Zijn best leuke dingen te doen met zwenkspotjes, zolang je er maar genoeg hebt!

http://www.jmpartys.nl/fotos/deel3/groot/18.jpg

2 cirkels boven de dj met in elke cirkel dacht 10/12 zwenkspotjes.
Dan 2 kanalen per cirkel en kan het er best leuk uitzien.

Wij hebben er ook nog nooit echt problemen mee gehad.

----------


## Watt Xtra

kijk dat ziet er best goed uit. ga ook een stel van die dingen bestellen en dan eens zien of ik er iets mee kan maken.

----------


## Watt Xtra

niemand andere reacties en creaties die hij of zij wil delen?

----------


## clitje

je maakt het jezelf veel te moeilijk. Pixeltrack van highlite is maar 600euro(als je de juiste korting kan regelen). Al die parretjes en zooi is alleen maar een hoop gekut. als je de pixeltrack op een hoog aantal kanalen zet heb je een complete lichtshow in 1 bak. 

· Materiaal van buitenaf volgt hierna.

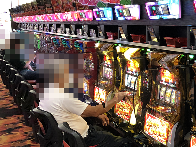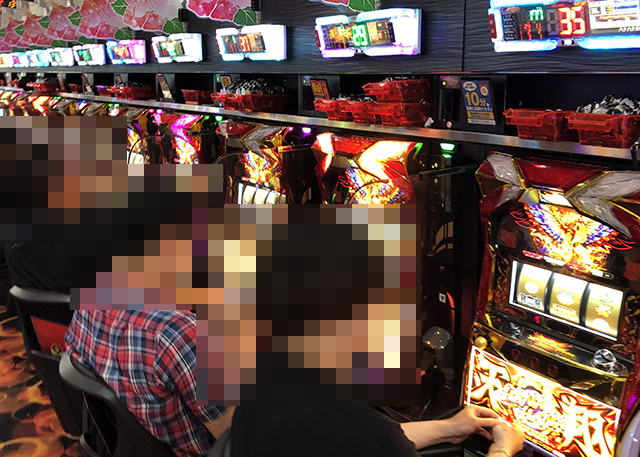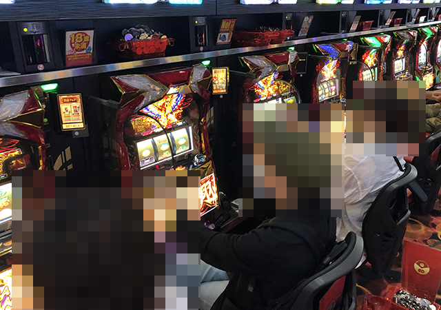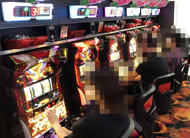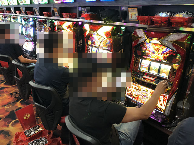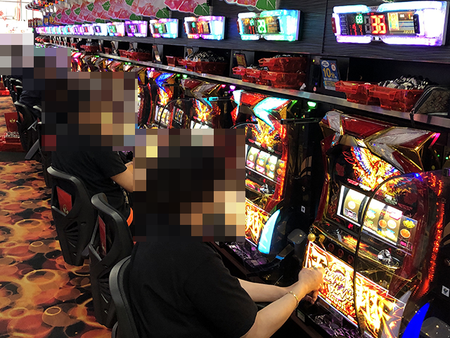 うれしそうに遊技をおこなっているプレイヤーが多く、シマ内は活況。

En anders gewoon par 56. 300w per stuk. Trap je er zo 12 van op een groepje(wel blijven knipperen.)

----------


## stekelvarke

hmm parren een hoop gekut? parren en een pixeltrack/pixelline zijn totaal 2 verschillende dingen. 
Die pixeltrack heeft max 48 kanalen dus ik neem aan dat dat 16 segmenten zijn met afzonderlijke RGB kanalen?
Overigens zijn de ledproducten van showtec wel leuk om net dat tikkeltje extra te brengen bij je show.
Ook iets wat ik ooit al heb gezien zijn witte moonflowers, indien je er zo een aantal ophanght kan je toch mooie effecten bekomen en het kost niet erg veel, natuurlijk is dat niets om de hele show aan te laten staan maar wel om mooie accenten te leggen.

----------


## DeMennooos

> parren en een pixeltrack/pixelline zijn totaal 2 verschillende dingen.

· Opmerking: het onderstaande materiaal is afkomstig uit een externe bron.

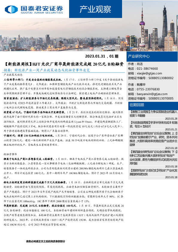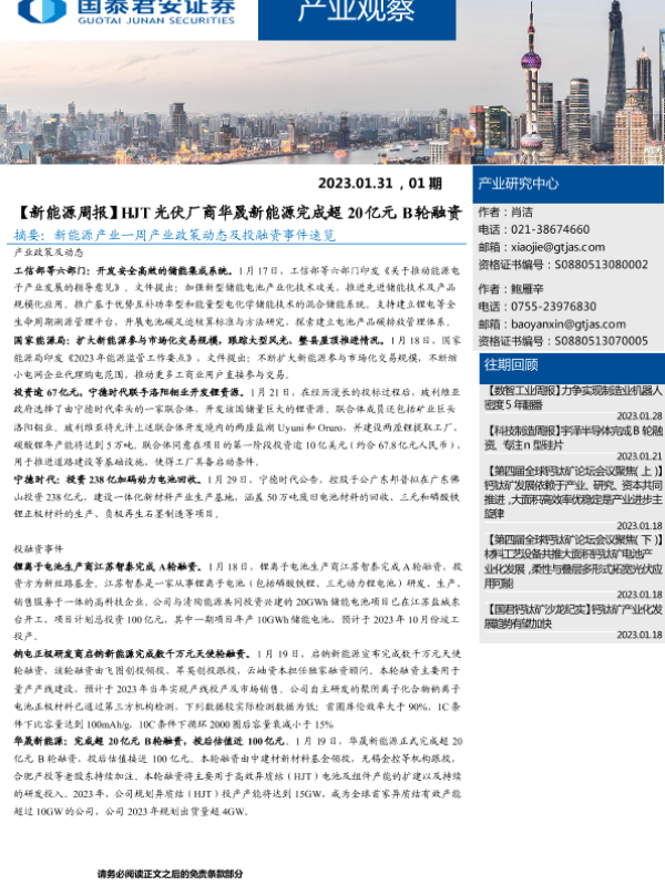 【国泰君安证券】【20230131】产业观察01期:【新能源周报】HJT光伏厂商华晟新能源完成超20亿元B轮融资-16页
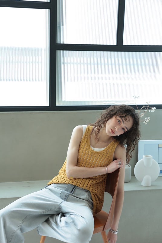 “カラープレイ”と“ナチュラルシティ”をテーマに、異素材や補色を組み合わせ、洗練とナチュラルが調和する装いに。
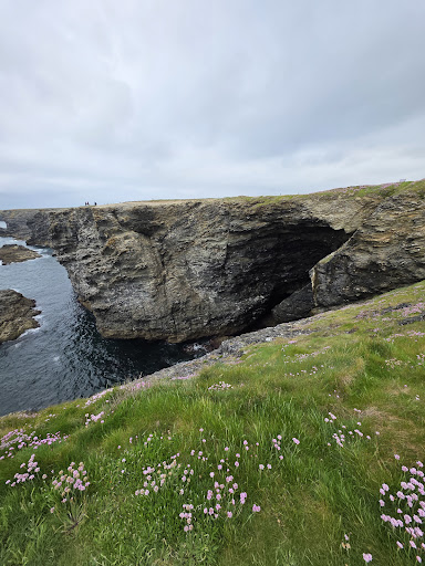 Read moreLa grotte de l'Apothicairerie est située sur la côte sauvage. Il s'agit en réalité de deux cavernes communicantes traversant une pointe rocheuse. Pour l’anecdote, la grotte doit son nom aux nombreux nids d’oiseaux autrefois alignés le long de ses parois, évoquant les échoppes des apothicaires. À proximité se trouvait autrefois la « Roche Percée », une arche naturelle qui s’est effondrée en 1975. Jusqu’aux années 1980, il était possible de descendre dans la grotte par un escalier taillé dans la roche, mais celui-ci a été fermé depuis, jugé trop dangereux. Aujourd’hui, il ne reste qu’un point de vue sur cette grotte désormais...
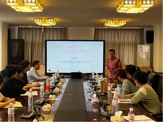韩布新研究员从文献查阅、综述写作的切入点、综述写作的目的、综述写作的分类、综述写作的逻辑等方面,对科研写作的方式方法进行了详细的讲述。将科研写作的重点归纳为“一波三折与四板斧”。“一波”指找准科学问题,“三折”包含了方法、结果与讨论,即方法要具备科学性,结果要逻辑清晰,充分详实,讨论要依靠“四板斧”。所谓“四板斧”指书写论文讨论时的四个抓手,即创新性、科学性、前沿性与问题及建议。整场讲座韩布新研究员将中国传统文化贯穿其中,指出了研究科学问题时文化情境的重要性,点明了中国优秀传统文化对中国心理学发展的重要意义。报告吸引了现场教师同学的积极提问与互动,大家纷纷表示通过本次学术报告受益匪浅、收获颇丰。
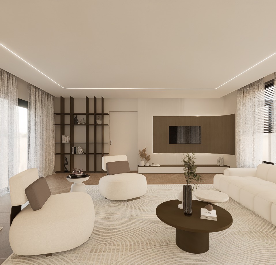ultra realistic interior render of a modern minimalist living room preserve the exact layout proportions furniture design and materials from the original image do not modify architecture or furniture placement enhance realism with physically accurate lighting soft natural daylight coming from the large windows subtle warm indirect led ceiling strip lighting high dynamic range exposure balanced highlights and shadows realistic material definition soft fabric sofas with visible micro texture matte wood finishes warm walnut tone subtle reflections on coffee tables slightly reflective tv panel add depth with global illumination ambient occlusion and soft contact shadows refine details improve curtain fabric realism lightweight sheer natural folds soft translucency add subtle imperfections micro scratches fingerprints slight roughness variation on surfaces enhance rug texture soft fibers depth natural shading glass objects with proper refraction and reflection tv screen with subtle dark reflection not pure black styling minimal premium not cluttered keep existing accessories but refine them to look high end add a few modern decor accents ceramic vases books soft greenery on table maintain clean luxury aesthetic poliform minotti style camera wide angle interior shot 24 28mm eye level perspective slight depth of field for realism render quality ultra photorealistic 4k cinematic lighting soft shadows global illumination ray tracing high detail noise free
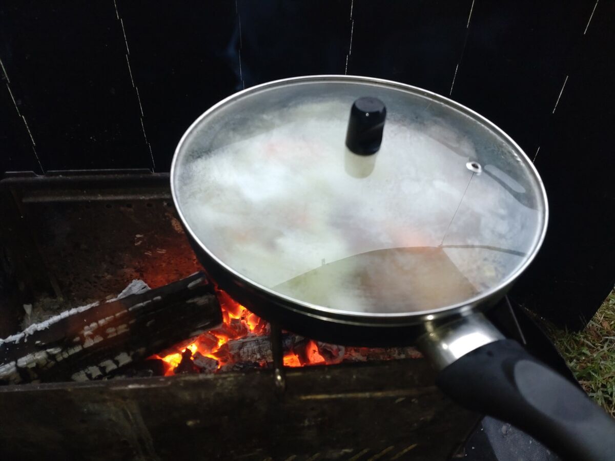 夕方になったので夕食にしましょう。芋炊きを温めます。
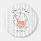 Un imán boda conmemorativo con un diseño de acuarela digital. Una silueta de reno naranja pastel dentro de una corona de hojas de hierbas. Setas y helechos forestales a sus pies. Patrón de abedul gris y blanco en el fondo.
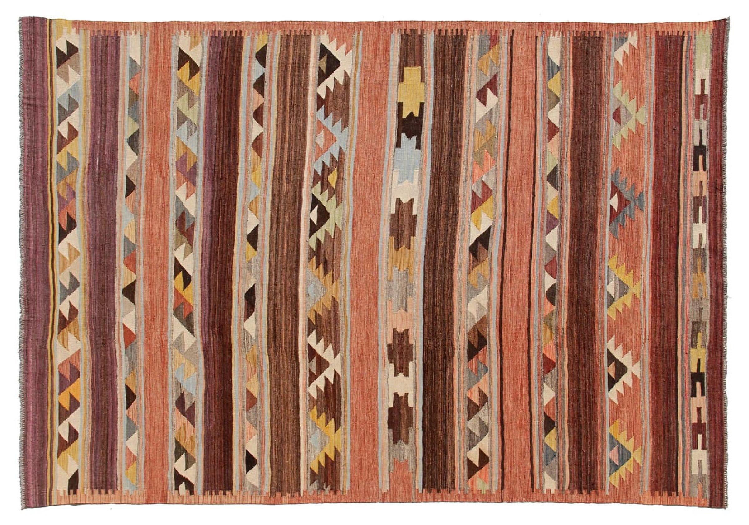 Estas alfombras kilim muestran una diferencia decisiva con las alfombras anudadas a mano - son tejidas a mano. Por lo tanto, no tienen un montón alto de lana y son a menudo más planos y más ásperos que las alfombras de lana anudada. Su fabricación es menos elaborada y por eso suelen ser mucho más baratas. Como ventaja, las alfombras de kilim son también mucho más ligeras y pueden ser colocadas por delante y por detrás. Los kilims tejidos a mano provienen originalmente de la antigua Persia y ahora también se fabrican a menudo en el Afganistán. Tienen patrones bastante simples y directos, que se deben a su técnica de tejido.

Eerder 3 verschillende dingen...

Pixeltrack en Pixellines zijn nou ook niet echt vergelijkbare producten  :Wink:

----------


## stekelvarke

inderdaad, maar ze komen toch al dichter bij elkaar als een par tegenover een ledproduct.

----------


## DeMennooos

Dat dan weer wel ja  :Smile:

----------


## muddy

ledjes zou ik ook voor gaan, slurpen maar 10W voor toch een behoorlijk effect.

en dan nog iets: ik neem aan dat niet eens de helft van alle lampen per moment branden, dus gewoon niet alles tegelijk, maar regeling erop.

----------


## jg-com

Hee hallo.

Het is inderdaad mogelijk om met LED verlichting te werken.
Er zijn alleen erg veel verschillen met LED verlichting.
Ik denk dat ik daarintegen toch echt wel de oplossing voor alle problemen weet.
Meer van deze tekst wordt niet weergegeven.